**What this task involves**
Go through the listing below and output exactly the line with "メインプレート(グリーンサラ", the line with "I can feel the loving |", and each line between; omit the rest.

Record excerpts Block Start

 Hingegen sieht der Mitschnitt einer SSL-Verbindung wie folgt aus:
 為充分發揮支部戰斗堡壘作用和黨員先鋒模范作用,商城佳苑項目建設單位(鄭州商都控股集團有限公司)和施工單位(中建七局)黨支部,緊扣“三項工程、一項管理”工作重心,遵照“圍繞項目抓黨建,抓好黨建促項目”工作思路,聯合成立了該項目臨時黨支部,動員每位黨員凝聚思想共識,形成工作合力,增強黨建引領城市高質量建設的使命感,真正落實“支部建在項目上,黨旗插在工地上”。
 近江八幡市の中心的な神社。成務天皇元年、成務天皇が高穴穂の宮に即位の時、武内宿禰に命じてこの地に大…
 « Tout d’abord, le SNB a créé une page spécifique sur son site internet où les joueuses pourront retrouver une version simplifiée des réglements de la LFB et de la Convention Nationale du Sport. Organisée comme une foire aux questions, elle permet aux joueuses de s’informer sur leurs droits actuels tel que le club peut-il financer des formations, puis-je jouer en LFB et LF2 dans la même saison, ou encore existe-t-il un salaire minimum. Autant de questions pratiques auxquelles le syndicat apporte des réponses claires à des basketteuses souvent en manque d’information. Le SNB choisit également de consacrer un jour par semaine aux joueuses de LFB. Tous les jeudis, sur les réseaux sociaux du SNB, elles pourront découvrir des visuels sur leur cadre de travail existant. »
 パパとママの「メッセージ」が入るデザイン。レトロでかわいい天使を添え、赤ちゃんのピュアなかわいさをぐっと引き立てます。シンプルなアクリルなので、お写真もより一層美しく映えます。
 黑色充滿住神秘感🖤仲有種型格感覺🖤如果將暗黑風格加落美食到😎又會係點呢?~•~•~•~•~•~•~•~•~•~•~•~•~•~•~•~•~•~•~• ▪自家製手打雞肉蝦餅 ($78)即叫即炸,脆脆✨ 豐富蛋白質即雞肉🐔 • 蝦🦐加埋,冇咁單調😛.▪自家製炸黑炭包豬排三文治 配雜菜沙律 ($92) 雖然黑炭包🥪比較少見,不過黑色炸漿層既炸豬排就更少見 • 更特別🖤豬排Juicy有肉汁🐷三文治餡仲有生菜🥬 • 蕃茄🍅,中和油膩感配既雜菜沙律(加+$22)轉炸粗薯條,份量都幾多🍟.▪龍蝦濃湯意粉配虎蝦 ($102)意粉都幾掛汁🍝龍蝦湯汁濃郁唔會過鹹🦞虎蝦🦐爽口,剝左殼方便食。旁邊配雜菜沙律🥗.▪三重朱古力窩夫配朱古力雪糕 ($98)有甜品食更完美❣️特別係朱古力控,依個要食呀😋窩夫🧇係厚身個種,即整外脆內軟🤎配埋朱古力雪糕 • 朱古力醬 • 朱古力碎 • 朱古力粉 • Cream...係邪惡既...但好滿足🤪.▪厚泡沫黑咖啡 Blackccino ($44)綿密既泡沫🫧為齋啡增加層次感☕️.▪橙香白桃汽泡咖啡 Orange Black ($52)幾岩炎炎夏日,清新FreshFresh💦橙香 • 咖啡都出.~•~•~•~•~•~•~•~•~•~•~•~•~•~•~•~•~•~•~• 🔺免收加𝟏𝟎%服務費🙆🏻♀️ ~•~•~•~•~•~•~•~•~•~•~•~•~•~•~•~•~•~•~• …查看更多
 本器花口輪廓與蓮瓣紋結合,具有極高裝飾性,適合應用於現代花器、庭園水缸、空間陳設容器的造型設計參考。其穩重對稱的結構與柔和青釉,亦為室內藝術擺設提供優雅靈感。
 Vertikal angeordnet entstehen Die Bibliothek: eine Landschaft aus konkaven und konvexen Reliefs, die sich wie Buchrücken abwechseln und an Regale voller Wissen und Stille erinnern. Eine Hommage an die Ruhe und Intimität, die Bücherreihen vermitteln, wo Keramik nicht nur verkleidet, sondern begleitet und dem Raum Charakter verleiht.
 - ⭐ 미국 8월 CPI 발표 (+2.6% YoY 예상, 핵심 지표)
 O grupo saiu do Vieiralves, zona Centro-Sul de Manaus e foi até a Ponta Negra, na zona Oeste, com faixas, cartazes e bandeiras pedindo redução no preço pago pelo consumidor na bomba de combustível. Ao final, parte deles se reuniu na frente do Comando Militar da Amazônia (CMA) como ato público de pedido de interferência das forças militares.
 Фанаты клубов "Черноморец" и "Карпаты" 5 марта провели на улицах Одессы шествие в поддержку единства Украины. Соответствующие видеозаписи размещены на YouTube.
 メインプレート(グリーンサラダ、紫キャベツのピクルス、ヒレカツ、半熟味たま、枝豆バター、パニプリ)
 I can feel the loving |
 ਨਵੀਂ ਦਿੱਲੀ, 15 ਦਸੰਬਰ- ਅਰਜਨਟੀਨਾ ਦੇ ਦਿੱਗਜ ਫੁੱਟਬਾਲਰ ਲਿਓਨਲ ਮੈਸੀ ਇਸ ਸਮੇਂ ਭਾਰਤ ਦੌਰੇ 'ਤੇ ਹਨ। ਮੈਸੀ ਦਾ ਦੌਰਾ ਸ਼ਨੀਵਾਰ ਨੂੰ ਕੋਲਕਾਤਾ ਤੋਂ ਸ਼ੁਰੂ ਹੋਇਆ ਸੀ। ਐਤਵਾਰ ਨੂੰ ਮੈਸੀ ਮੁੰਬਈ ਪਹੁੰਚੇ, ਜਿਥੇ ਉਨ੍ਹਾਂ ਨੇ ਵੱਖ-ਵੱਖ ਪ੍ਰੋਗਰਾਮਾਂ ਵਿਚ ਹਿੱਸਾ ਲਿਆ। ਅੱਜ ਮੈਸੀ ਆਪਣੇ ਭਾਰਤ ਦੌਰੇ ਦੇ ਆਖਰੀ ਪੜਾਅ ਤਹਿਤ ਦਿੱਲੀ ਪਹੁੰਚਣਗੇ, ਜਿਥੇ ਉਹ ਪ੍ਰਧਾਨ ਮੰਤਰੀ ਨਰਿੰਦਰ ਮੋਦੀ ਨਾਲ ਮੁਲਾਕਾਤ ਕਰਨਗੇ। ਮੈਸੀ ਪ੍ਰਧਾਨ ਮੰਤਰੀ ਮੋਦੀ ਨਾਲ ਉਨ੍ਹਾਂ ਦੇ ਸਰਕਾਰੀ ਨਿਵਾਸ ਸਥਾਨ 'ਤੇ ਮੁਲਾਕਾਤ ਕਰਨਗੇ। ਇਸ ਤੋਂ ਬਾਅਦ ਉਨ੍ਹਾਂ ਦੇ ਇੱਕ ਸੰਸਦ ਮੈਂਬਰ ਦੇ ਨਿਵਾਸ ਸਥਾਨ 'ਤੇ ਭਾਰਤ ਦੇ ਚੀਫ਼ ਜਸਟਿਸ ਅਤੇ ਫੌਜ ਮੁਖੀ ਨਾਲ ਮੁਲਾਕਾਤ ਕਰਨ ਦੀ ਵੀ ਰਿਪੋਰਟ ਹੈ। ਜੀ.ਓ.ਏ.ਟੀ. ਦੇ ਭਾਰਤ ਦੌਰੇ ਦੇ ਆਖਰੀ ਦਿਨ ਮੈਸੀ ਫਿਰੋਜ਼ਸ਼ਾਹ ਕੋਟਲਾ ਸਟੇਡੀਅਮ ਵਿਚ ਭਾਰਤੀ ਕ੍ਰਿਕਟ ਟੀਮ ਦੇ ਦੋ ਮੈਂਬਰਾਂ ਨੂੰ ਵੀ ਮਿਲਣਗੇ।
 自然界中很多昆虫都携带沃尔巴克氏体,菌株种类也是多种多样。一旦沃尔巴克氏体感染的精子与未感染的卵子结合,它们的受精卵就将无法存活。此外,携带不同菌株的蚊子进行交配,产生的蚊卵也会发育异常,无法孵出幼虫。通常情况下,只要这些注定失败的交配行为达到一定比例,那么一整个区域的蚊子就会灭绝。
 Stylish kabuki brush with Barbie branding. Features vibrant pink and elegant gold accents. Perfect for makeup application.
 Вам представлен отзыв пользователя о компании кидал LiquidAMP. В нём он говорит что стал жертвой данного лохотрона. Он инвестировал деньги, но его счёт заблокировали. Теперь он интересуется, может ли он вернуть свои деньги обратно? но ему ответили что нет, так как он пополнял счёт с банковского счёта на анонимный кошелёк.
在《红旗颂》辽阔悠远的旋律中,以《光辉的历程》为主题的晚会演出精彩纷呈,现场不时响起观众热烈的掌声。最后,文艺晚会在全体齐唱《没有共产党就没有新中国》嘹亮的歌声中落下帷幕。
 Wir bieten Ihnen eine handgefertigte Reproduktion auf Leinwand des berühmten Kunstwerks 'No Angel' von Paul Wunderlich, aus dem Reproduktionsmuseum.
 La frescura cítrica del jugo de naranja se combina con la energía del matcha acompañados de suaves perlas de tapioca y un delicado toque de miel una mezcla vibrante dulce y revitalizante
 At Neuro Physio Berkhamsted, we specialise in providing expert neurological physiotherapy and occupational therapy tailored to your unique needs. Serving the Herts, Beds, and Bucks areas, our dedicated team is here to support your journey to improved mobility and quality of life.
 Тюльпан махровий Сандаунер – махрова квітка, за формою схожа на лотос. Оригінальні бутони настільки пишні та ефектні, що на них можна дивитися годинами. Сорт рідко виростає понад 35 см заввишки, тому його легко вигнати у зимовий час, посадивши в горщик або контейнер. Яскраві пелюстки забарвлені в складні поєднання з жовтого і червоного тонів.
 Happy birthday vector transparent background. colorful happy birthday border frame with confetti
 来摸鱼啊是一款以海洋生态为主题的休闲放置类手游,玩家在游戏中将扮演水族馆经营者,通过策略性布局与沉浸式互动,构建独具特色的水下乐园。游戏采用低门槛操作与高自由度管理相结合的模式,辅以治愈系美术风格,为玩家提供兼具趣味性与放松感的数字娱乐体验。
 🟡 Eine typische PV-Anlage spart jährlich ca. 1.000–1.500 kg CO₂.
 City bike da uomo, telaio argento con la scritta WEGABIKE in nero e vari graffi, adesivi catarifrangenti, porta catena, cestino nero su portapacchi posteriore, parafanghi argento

Record excerpts Block End

**Exercise solution**
 メインプレート(グリーンサラダ、紫キャベツのピクルス、ヒレカツ、半熟味たま、枝豆バター、パニプリ)
 I can feel the loving |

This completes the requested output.